Adults Are the Problem

children's day
Marian Wright Edelman writes at the Children’s Defense Fund:

It is time for adults of every race and income group to break our silence about the pervasive breakdown of moral, family, and community values, to place our children first in our lives, and to struggle to model the behavior we want our children to learn. School children don’t need one more “Officer Slam” as some students referred to the White South Carolina school resource officer who this week shamed the nation with his violent ejection of a 16-year-old Black female student from her classroom for a nonviolent offense. A very welcome counter narrative took place when a White female police officer in Washington, D.C. after diffusing a potentially volatile conflict between two groups of Black teens, then charmed with a “dance off” a defiant teen-age girl who had refused to leave.

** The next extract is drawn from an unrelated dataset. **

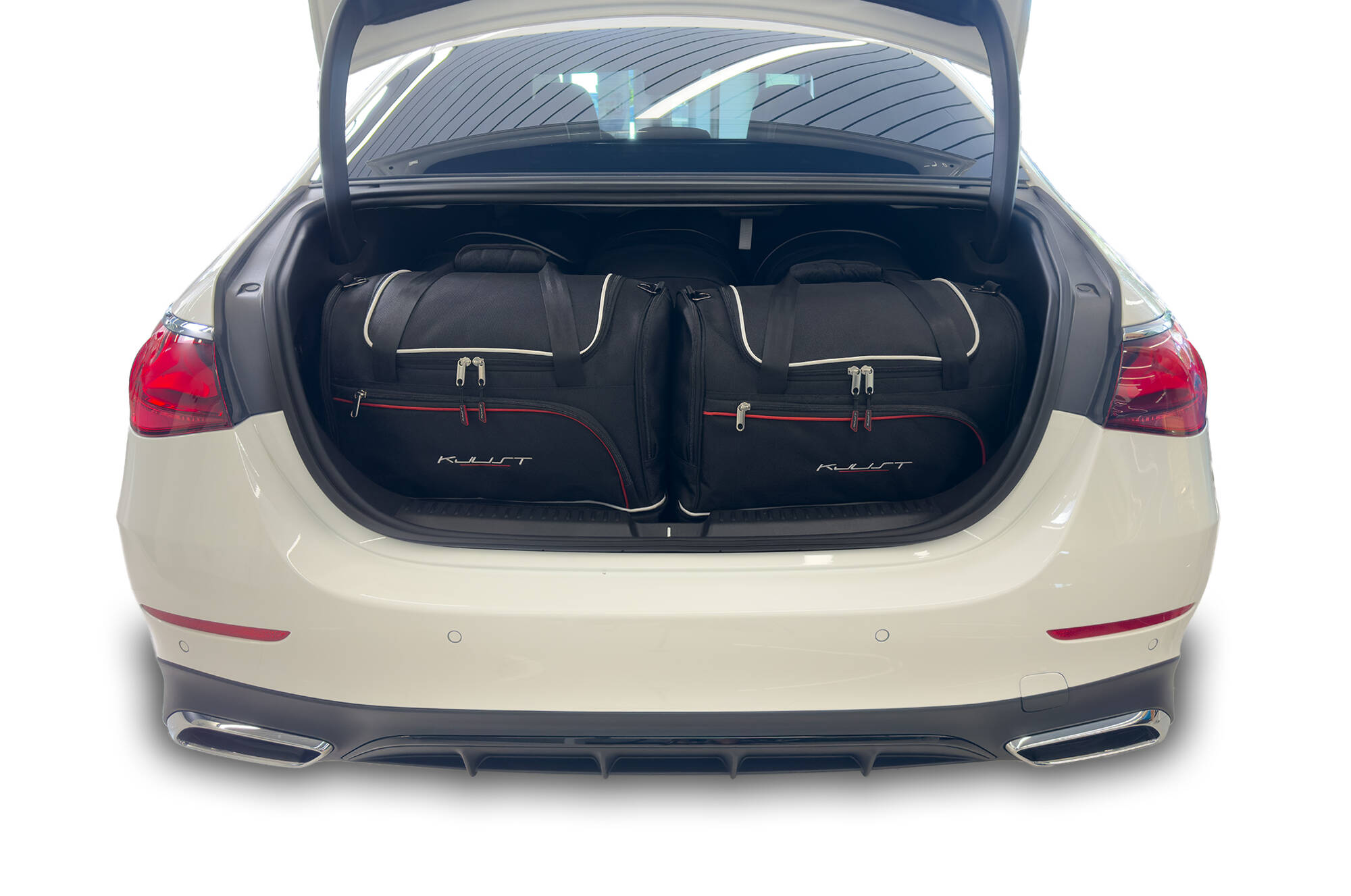 The bags fill every square inch of the boot thanks to their slanted sides that match the angle of the rear seats. This is a unique feature of KJUST car bags.

Any parent who has gone through the challenges of adolescence could only admire the quick thinking and agile footwork of the D.C. police officer. The last thing children need is violent assaults in schools which ought to be safe havens, and a suspension, expulsion and arrest to blot their school records and push them closer to the prison pipeline. And the very last thing children need is out-of-control adults using violence as a way of resolving differences.

I am often asked what’s wrong with our children and I almost always answer, adults are what’s wrong. We tell our children to control themselves while slapping and spanking and treating them violently in our homes, child care centers, schools, detention facilities and prisons. Adults tell children to be honest while lying and cheating and not to be violent while marketing and glorifying violence.

I urge every parent, adult, educator, faith and public leader to conduct a personal audit to determine whether we are contributing to the crisis our children face or to the solutions they urgently need. And if we are not a part of the solution, we are a part of the problem and need to do better.

Our children don’t need or expect us to be perfect. They do need and expect us to be honest, to admit and correct our mistakes, and to share our struggles about the meanings and responsibilities of faith, parenthood, citizenship, and life. Before we can pull up the moral weeds of violence, materialism, and greed in our society that are strangling so many of our young, we must pull up the moral weeds in our own backyards and educational institutions. So many children are confused about what is right and wrong because so many adults talk right and do wrong in our personal, professional, and public lives.